There's even concern that repeated cortisone shots might damage the cartilage within a joint.
Joint replacement surgeries come with complication risks which ultimately lead to the need to have more invasive procedures.
But, there is good news…
By actually addressing the true cause of joint health and making the natural lifestyle changes required to reverse it, research now proves that it is possible to build stronger joints at any age.
The natural way to support healthy joints combines nutrition, daily activity and fall prevention.
Next comes eliminating the lifestyle factors that compromise joint health, such as inactivity.
Finally, eating more foods that contain joint-building nutrients – which can help you decrease joint pain and regain strong, mobile joint structures quickly.
In a nutshell it’s lifestyle modification.
Bottom Line: Having Joint Pain Is Not A Death Sentence To Your Mobility Or Your Freedom – You Can Do Something About It.
And when it comes to lifestyle modifications, nothing has been proven to be more miraculous than making this one simple dietary change…
According to new research, there is one breakthrough nutrient that researchers believe has the greatest potential for rebuilding joints and supporting healthy bones.
Imagine it…
Your joints could become so strong and pain-free that you won’t have to worry about getting that knee surgery…
Your body feels young again, and you are bouncing around like you did in your 20s...
A Protein So Unimaginably Effective… Eating MORE of it Could Decrease Joint Pain By 38%... and Even Regrow Cartilage in a Matter of Months
Imagine undoing years (or even decades) of joint wear and tear…
All by adding one specific type of protein in your diet…
Groundbreaking research from the National Library of Medicine shows just how powerful it is at doing just that.
I'll share the breathtaking specifics in a moment.
Picture in a few weeks…
Leaping out of bed with joints that feel so young and cushioned, you'd swear they're BRAND-NEW...
Opening jars...
Picking up tricky packages...
Even hopping in and out of your car with ease...
Getting up and down stairs without having to brace yourself…
Not needing to take pain pills just to make it through the day…
Or rely on injections to feel a brief bout of relief before the pain comes crashing back in…
Imagine canceling that surgery you thought you had to have…
And returning to hours of gardening, dancing, and YES–even playing golf, pickleball or tennis again without "paying for it later"... Or worse, accidently fracturing a bone.
Best of all…
It’s Completely Natural and Safe… And Based On Study Participant Results, Has Zero Side Effects.

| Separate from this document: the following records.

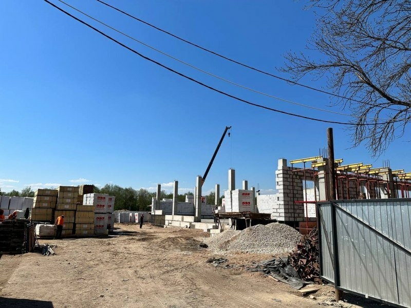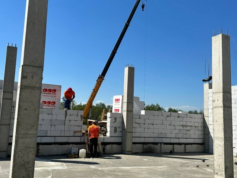 Подрядчик уже приступил к работам. На месте смонтирован фундамент, возводятся стены и внутренние перекрытия первого этажа.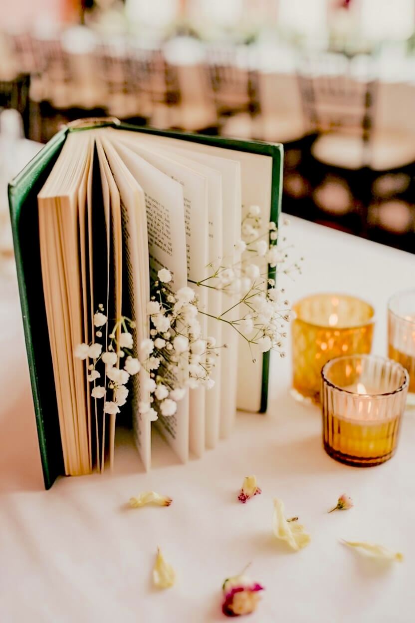 You can stand a green vintage book slightly open and weave sprigs of fresh baby’s breath throughout the pages.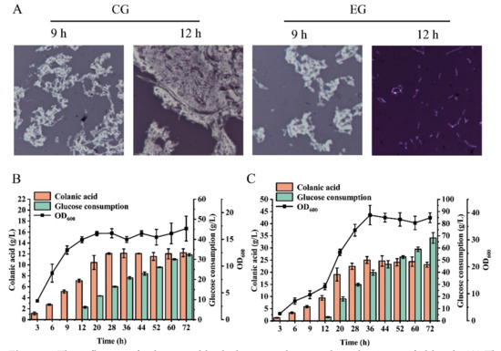 The influence of colanic acid hydrolase on colanic acid production on fed-batch. (A) The condition of the colanic acid capsule of SRP-4 strain on a 3-L bioreactor. A total of 4000 U/L colanic acid hydrolase was added to EG. CG, control group. EG, experimental group. (B) The colanic acid titer of SRP-4 on a 3-L bioreactor without adding the colanic acid hydrolase. (C) The colanic acid titer of SRP-4 on a 3-L bioreactor with 4000 U/L colanic acid hydrolase added. Both the CG and EG was supplemented glucose at 9 h and the glucose concentration was maintained between 9 and 12 g/L. The dissolved oxygen was maintained over 30%.

And Today, it Could Be Yours.
If you're as health-conscious as I think you are, you’ve probably already heard about this protein before.
Because whether you suffer from joint-deteriorating conditions…
Severe pain in your knees, back, hips, or wrists…
Bone loss conditions…
Even sagging skin or thinning hair…
You probably have already read the research and rave reviews about how one special type of protein can help…
It’s collagen.
But not just any ordinary type of collagen (I’ll get to that in just a minute).
Studies show that many age-related health issues are directly linked to not having enough of this protein in your body.
Unfortunately, the body’s own production of collagen increasingly declines with age.
This is referred to as a “collagen deficiency”.
In fact, by the time you hit "middle age”, your body could be producing less than half the collagen it did in your youth.
And the bad news is… If you’re over 50, the severity of your collagen deficit only gets worse with each passing year… Unless you do something about it.
COLLAGEN LOSS WITH AGE
Beginning age of 20, the levels of collagen in our body starts to decline. 100% By the age of 30, collagen in our skin declines dramatically 80% Amount of Collagen 60% 40% Beginning age of 20, the levels of collagen in our body starts to decline. 20% By the age of 30, collagen in our skin declines dramatically 0% 0 10 20 30 40 50 60 70 80 Age
Replenishing Collagen Just Makes Sense. And The Older You Get, The More Sense It Makes.
Now, this isn't news for someone as health-conscious as you. But, what you might not know is that supplementing with the right type and proper amount of collagen can produce noticeable results in as little as a few weeks… This is where most people get it wrong… The source and the dose make ALL the difference. I know it sounds far-fetched...
Yet The Scientific Literature Is Irrefutable… When You Add The Right Type And Proper Amount Of Collagen Back Into Your Diet, Your Body Can “Mend” Itself…
The research is unlike anything I've ever seen:
One study showed improvements in knee cartilage density among individuals taking a special form of collagen after just 24 weeks*
Another study from the National Library of Medicine, postmenopausal women showed a 4.2% higher bone mineral density in the spine and a 7% higher bone mineral density in the neck*.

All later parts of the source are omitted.